BRIEF: Which lines have the string "Besuch"? Copy all of them from the entries below.

INPUT MATERIAL:
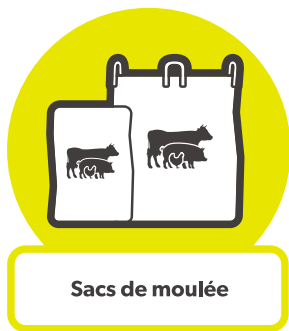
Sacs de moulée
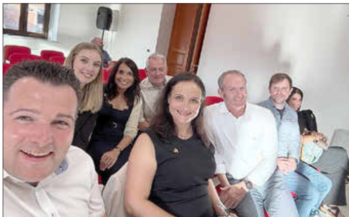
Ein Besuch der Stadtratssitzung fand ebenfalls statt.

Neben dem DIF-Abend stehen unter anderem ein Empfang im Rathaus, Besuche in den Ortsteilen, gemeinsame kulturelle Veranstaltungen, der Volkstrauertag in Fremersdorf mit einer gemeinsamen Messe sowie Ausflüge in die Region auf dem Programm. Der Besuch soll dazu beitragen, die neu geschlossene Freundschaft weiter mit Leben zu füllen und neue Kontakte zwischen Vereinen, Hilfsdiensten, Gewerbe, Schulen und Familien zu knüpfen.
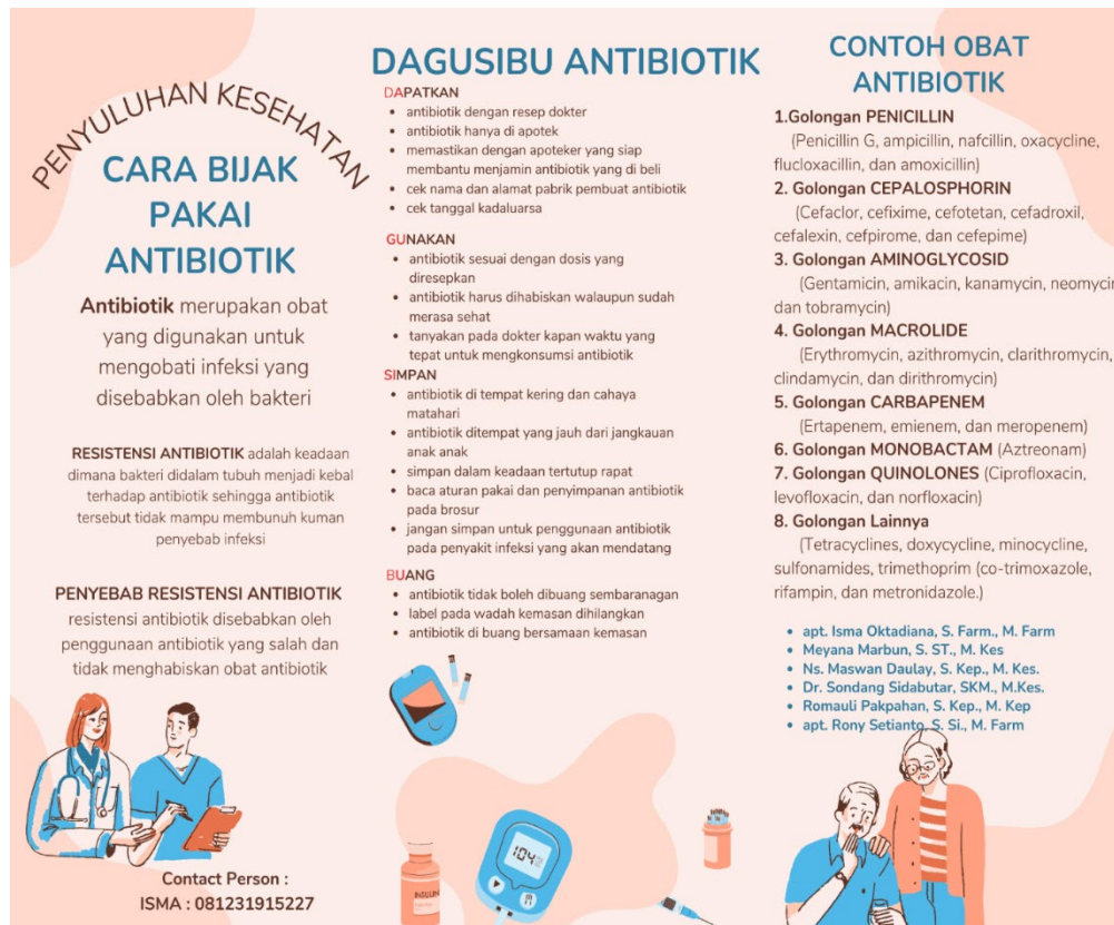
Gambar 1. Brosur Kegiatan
--
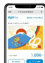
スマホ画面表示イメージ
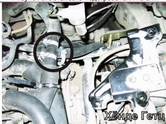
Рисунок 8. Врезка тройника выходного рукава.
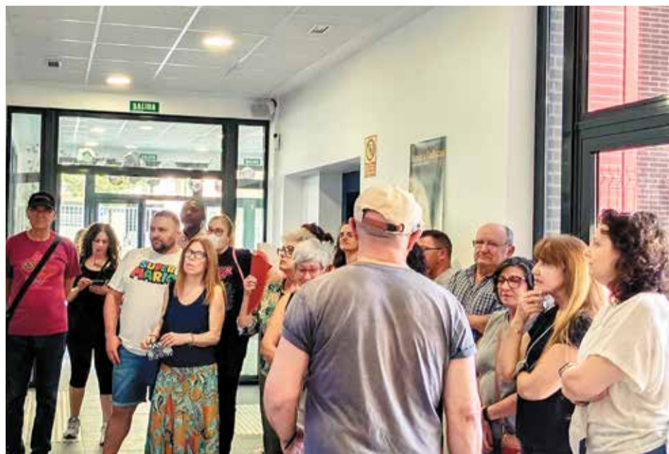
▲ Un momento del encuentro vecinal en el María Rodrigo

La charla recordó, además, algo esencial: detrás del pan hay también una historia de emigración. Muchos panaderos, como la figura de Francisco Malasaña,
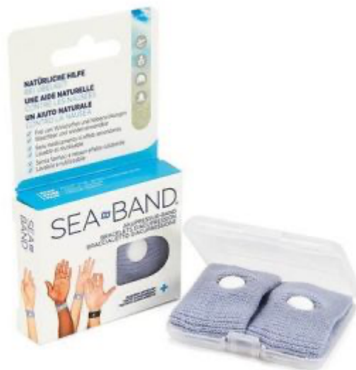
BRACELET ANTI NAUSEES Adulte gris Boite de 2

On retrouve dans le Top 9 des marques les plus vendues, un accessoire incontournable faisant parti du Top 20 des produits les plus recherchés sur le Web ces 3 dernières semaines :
==
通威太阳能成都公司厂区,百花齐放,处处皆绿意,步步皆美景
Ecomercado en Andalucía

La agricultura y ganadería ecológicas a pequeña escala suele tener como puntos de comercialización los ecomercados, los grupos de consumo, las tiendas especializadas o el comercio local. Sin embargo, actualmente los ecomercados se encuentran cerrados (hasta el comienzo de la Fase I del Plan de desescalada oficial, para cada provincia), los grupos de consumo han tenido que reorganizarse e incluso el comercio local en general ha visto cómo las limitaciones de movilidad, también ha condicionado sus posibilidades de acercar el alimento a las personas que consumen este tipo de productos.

RESULT:
Ein Besuch der Stadtratssitzung fand ebenfalls statt.
Neben dem DIF-Abend stehen unter anderem ein Empfang im Rathaus, Besuche in den Ortsteilen, gemeinsame kulturelle Veranstaltungen, der Volkstrauertag in Fremersdorf mit einer gemeinsamen Messe sowie Ausflüge in die Region auf dem Programm. Der Besuch soll dazu beitragen, die neu geschlossene Freundschaft weiter mit Leben zu füllen und neue Kontakte zwischen Vereinen, Hilfsdiensten, Gewerbe, Schulen und Familien zu knüpfen.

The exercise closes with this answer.